Note that the defined workflow-id should only contain lower case alphanumeric character, and specifal character "-".

INFO indicates that this task has been submitted succussfully. Record this workflow ID as we may use it later.

Visit the url given by the last two lines, all workflows and corresponding files are listed on UI.

Command lines are also supported. Run rid ls to list your workflows and their status.

! rid ls

rid-kit is based on dflow, argo and minikube.
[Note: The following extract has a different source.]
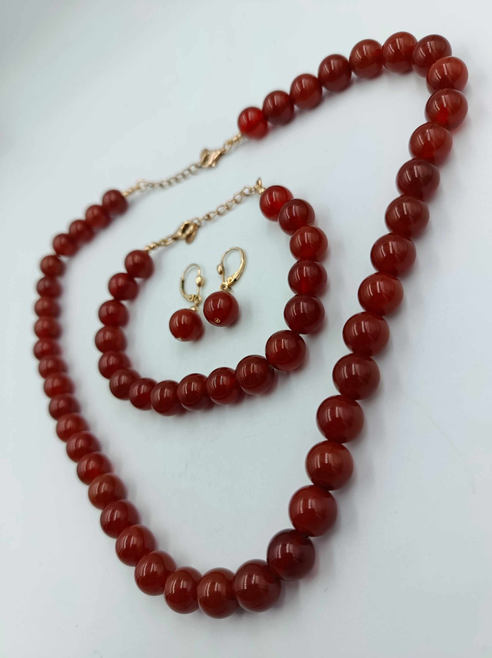 Elegantes Schmuckset bestehend aus einer Halskette, einem Armband und passenden Ohrringen. Die natürlichen Karneol-Perlen verleihen dem Set eine warme, rötlich-braune Farbgebung, während die vergoldeten 925er Silberverschlüsse für einen edlen Glanz sorgen. Perfekt geeignet für besondere Anlässe oder als stilvolles Alltagsaccessoire.

So further complex and flexible managements of workflows can be achieved by their command lines. like kubectl get pods -n argo and argo show.

For failed tasks, you may want to remove them or resubmit them from the failure steps.

For remove:

# rid rm task-ID
rid rm reinforced-dynamics-bsc7j 

For resubmit to modify and continue workflow:

# suppose the original workflow id is OLD_ID
rid resubmit -i your_dir -c path_to_rid.json -m path_to_machine.json OLD_ID -d NEW_ID

If you want to resubmit from a particular iteration and step:

rid resubmit -i your_dir -c path_to_rid.json -m path_to_machine.json OLD_ID -t ITERATION-ID -p STEP-KEY -d NEW_ID

The Workflow-ID is something like reinforced-dynamics-jq4jn appeared in the argo UI. If the workflow is archived, its name will appear as somethinig like a8463748-e15a-4f2c-882b-bfd981a76dac. If you want to resubmit a archived workflow, you have to provide the archived ID rather than the initial ID. The ITERATION-ID is just nth iteration the workflow has been executed. The STEP-KEY in rid includes the following steps: prep-exploration, run-exploration, prep-select, run-select, prep-label, run-label, label-stats, collect-data, merge-data, train, model-devi.